In Intolerance, not content to simply use an epic canvas to tell one story, Griffith set forth to tell four intercut and thematically reflective narratives in the same roughly three-hour runtime. Challenging audiences who had (relatively-speaking) no (or little) experience with basic cross-cutting, let alone stories spanning generations and settings, Griffith attempted to make a point by expanding his already epic worldview in order to include all of history and the world – quite a leap from the tunnel-vision of his previous effort (Birth of a Nation).

Intolerance tells four stories intercut, spanning time and “space” to make a larger point about the history of intolerance in the world in many forms and contexts. The film tells its stories clarifies the differences through tinting of different segments. Telling the most modern tale in black-and-white – that of a woman deemed an unfit mother by puritanical activists – he suggests that in her world there is no room for shades of grey, at least through puritanical eyes.

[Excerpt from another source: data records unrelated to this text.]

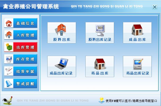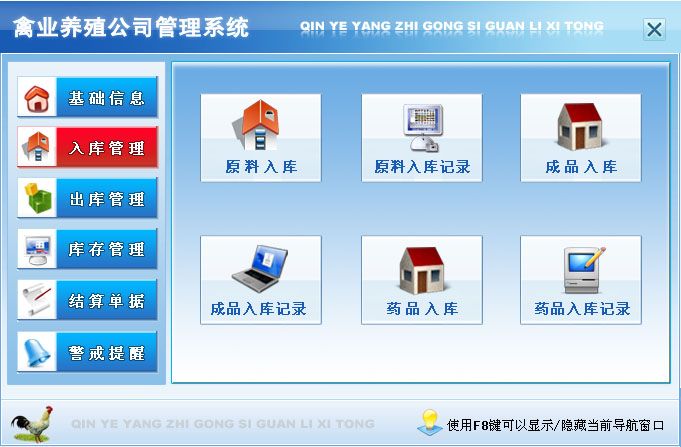 《禽业养殖公司管理系统》是一款适用于家禽业养殖公司日常管理的软件。主要分为:基础信息、入库管理、出库管理、库存管理、结算管理和警戒提醒六个部分内容。其中基础信息主要包括(客户登记、客户查询、原料库存设置、成品库存设置、药品库存设置)几部分。入库管理主要包括(原料入库、原料入库记录、成品入库、成品入库记录、药品入库、药品入库记录)几部分。出库管理主要包括(原料出库、原料出库记录、成品出库、成品出库记录、药品出库、药品出库记录)几部分。库存管理主要包括(原料库存、成品库存、药品库存)几部分。结算单据主要包括(欠条登记、计算登记、结算查看)几部分。警戒提醒主要包括(原料警告、成品警告、药品警告)。该系统界面直观、操作简单、方便,让您对养殖户的档案信息和用料情况一目了然。简单明了的警戒提醒,让您时时把握仓库中原料、成品、药品的情况。依托系统强大的辅助录入和计算功能,减少了录入和收费统计的工作量,提高了工作效率。原料、成品、药品等出入库报表打印,免去了手工填写的烦琐工作。减轻了禽业公司管理部门管理的工作量,提高了禽业管理的效率。满足了禽业仓库财务管理部门日常管理的要求。该系统提供更方便的操作、更合理的功能设置、更强大的数据查询功能,更有体贴的客户服务,倾力打造最优质的禽业养殖公司管理软件;软件分单机版和网络版,方便不同客户的需求。欢迎下载试用!如有任何问题敬请联系! 联系电话:0635-8386265(销售部) |
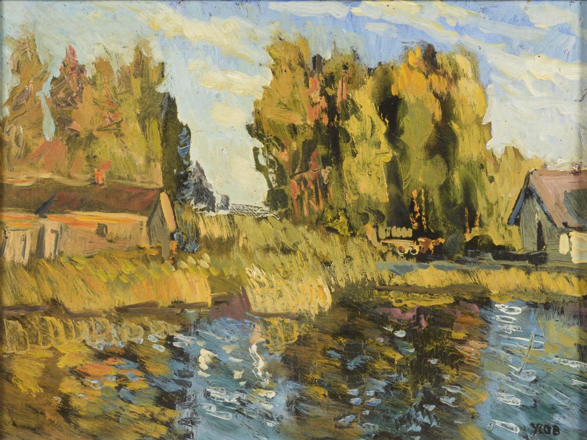 Russischer Maler: Sonnige Dorfansicht mit See
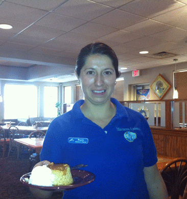 Colorful murals of the bounty of the sea festoon the walls. Under glass in each table are hand-drawn prints of the trappings of Aztec life–molcajetes for grinding corn, platters of fish, and more. Even the menu is colorful–as in vivid plastic menus complete with photographs of the entrees with descriptions in both English and Spanish. You’ll be well attended by a very accommodating wait staff almost as fluid in English as they are in Spanish. Some, such as Margarita (pictured far below) are so friendly and helpful that you might be tempted to ask them to join you at your table.
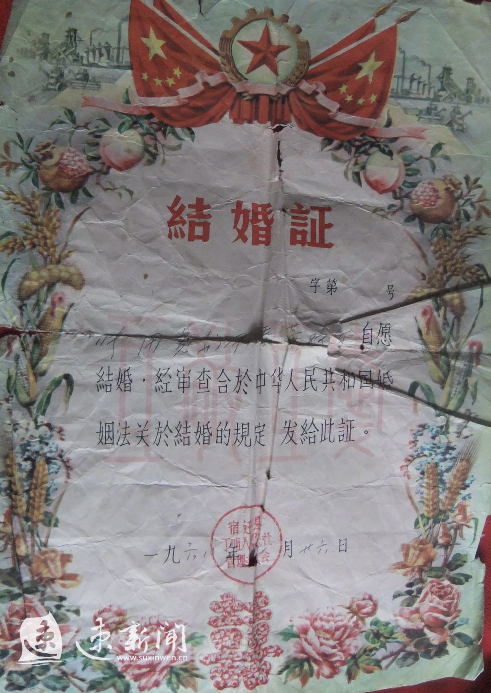 记者发现,这张结婚证看起来像一张奖状。五角星、红旗、红双喜、鲜花、玉米、稻谷、石榴等图案围成一个象征喜庆和丰收的边框,边框里最上面是三个红字——结婚证。主体部分内容是:刘鼎佑,男,二十三岁,周玉兰,女二十一岁,自愿结婚,经审查合于中华人民共和国婚姻法关于结婚的规定,发给此证。日期是1962年12月12日,落款处盖着宿迁县宿城镇人民委员会的印章。
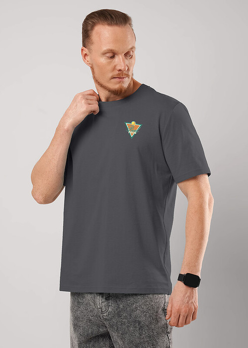 Футболка мужская из хлопкового полотна. Модель с круглым вырезом горловины и коротким втачным рукавом. Благодаря дизайнерскому принту на груди и спинке образ выглядит завершенным.
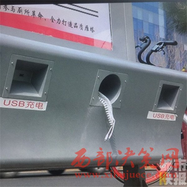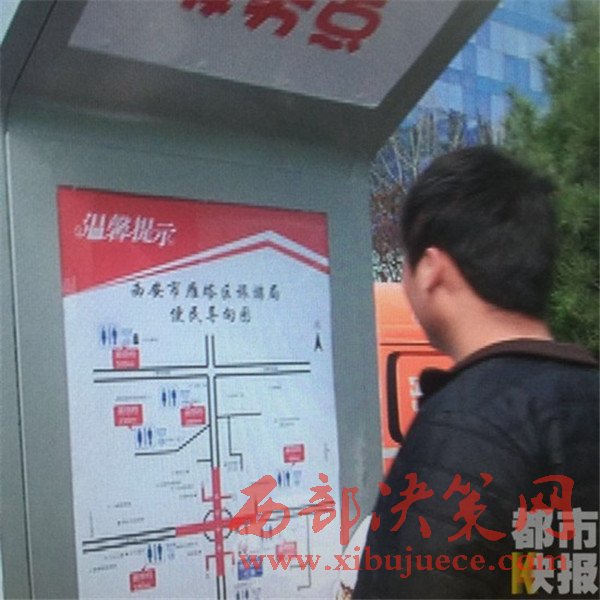 西安小寨街頭出現(xiàn)便民導(dǎo)廁神器,還能給手機充電。

And then there is the tale of the French royalty and their sickly green sense of depravity.

For the ancient Babylonian sequences, he used a dusty yellow hue to capture a sense of time gone-by and give the screen an organic feel for the time and place. Further, intertitles in these sequences suggested an almost “Encyclopedic” quality with their explanatory notes at the bottom. This lends itself a historical context as well – ‘it is written, so shall it be,’ as it were.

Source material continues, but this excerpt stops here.